===== Supplied material
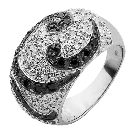 Szeroki Srebrny Pierścionek Białe Czarne Cyrkonie
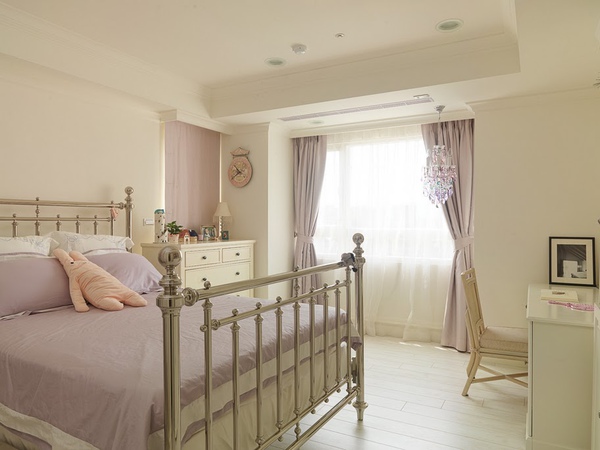 走進這間以薰衣草色調為主的臥房,心情應該很快就會轉為晴朗,這個房間沒有多餘的設計,說來簡單,就是主床、床邊櫃、窗簾、水晶燈的組合。奇妙的是,這些元素聚集在一起,就是那麼的優雅宜人,像是素顏的美女,百看不膩。在這樣的房間裡入眠,連作夢也是香甜的。
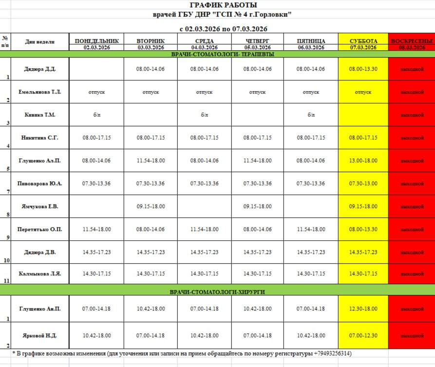 График работы специалистов ГБУ ДНР «Городская больница № 3 г. Горловки»
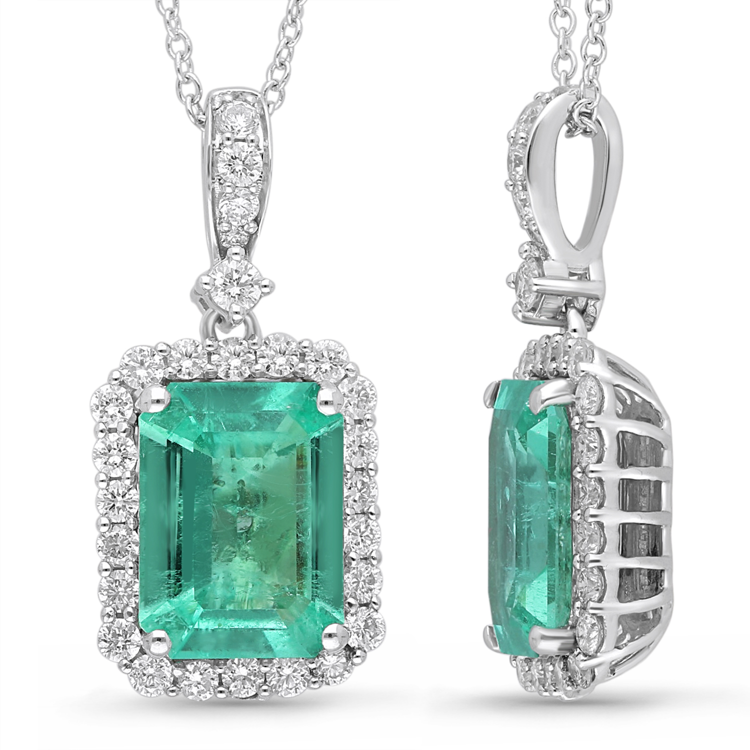 14K WHITE GOLD ZAMBIAN EMERALD DIA RING
==========
*Required work*
The required output is every line from the one containing "График работы специалистов" through the last line of the data above, restated exactly and without pictures.

*Answer for this exercise*
 График работы специалистов ГБУ ДНР «Городская больница № 3 г. Горловки»
 14K WHITE GOLD ZAMBIAN EMERALD DIA RING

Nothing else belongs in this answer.